We also calculated three simple landscape metrics, total core habitat area, edge density, and number of distinct core areas, on the undeveloped parts of the landscape using FRAGSTATSv4 (McGarigal et al. 2012). These metrics have long been recognized for their association with a myriad of ecological processes and have been widely used and advocated as tools for comparing different landscapes over time (Turner 1989, Gustafson 1998). For calculating core area and number of distinct core patches, we used a small 5-m offset from patch boundaries to restrict the inclusion of “edge habitat,” which may reflect lower habitat quality. Edge between habitat and urban areas may affect a number of ecological processes such as migration and dispersal, and may alter the structure and function of vegetation and species’ habitat preferences (Turner 1989, McGarigal et al. 2012).
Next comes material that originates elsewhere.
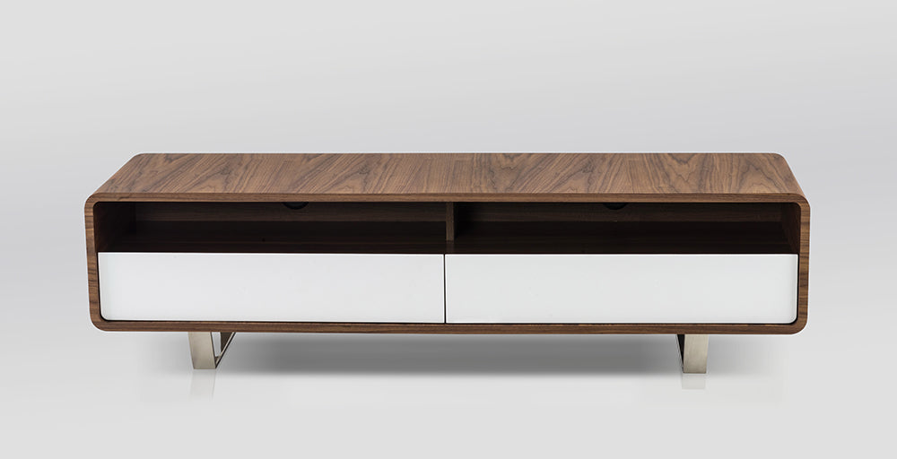 There is something alluring about warm walnut veneer when contrasted with white high gloss. The striking appeal, plenty of storage, and simplistic design that speaks in volumes, this what the Gramercy TV Stand so ideal for any living room.
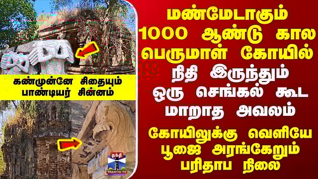 Namma Ooru Story | Theni | Temple | கண்முன்னே சிதையும் பாண்டியர் சின்னம் - மண்மேடாகும் 1000 ஆண்டு கால பெருமாள் கோயில் அலட்சியத்தால் சிதைகிறதா அகோபிலராய பெருமாள் கோயில்? தேனி மாவட்டம் ஆண்டிப்பட்டி அருகே உள்ள அகோபிலராய பெருமாள் கோயிலுக்கு நிதி ஒதுக்கப்பட்டபோதும் புனரமைப்பு பணிகள் தொடங்காமல் சிதிலமடைந்து வருவதாக குற்றச்சாட்டு முன்வைக்கப்பட்டுள்ளது.

In summary, landscapes with larger total areas of habitat; with fewer, larger habitat patches; and with lower edge density, are likely to reflect higher ecological integrity, and thus may support more biodiversity (Fig. 1d).
Across the 20-year simulation period, the projected mean fire risk to structures, i.e., the probability of a house being destroyed, varied over time and among scenarios (Fig. 2). Under the SubMax algorithm and with no conservation, fire risk increased sharply during the first time step, declined as development started to fill in, then increased again with more housing expansion. These two scenarios resulted in the most dispersed pattern of housing, and the one located farthest east (Fig. 3). The CostMin algorithm resulted in the third most dispersed housing pattern, which was located farther east than the remaining scenarios (Fig. 3). CostMin was among the top three scenarios for projected fire risk (Fig. 2). At the end of the simulation, the SubMax algorithm resulted in the single highest fire risk.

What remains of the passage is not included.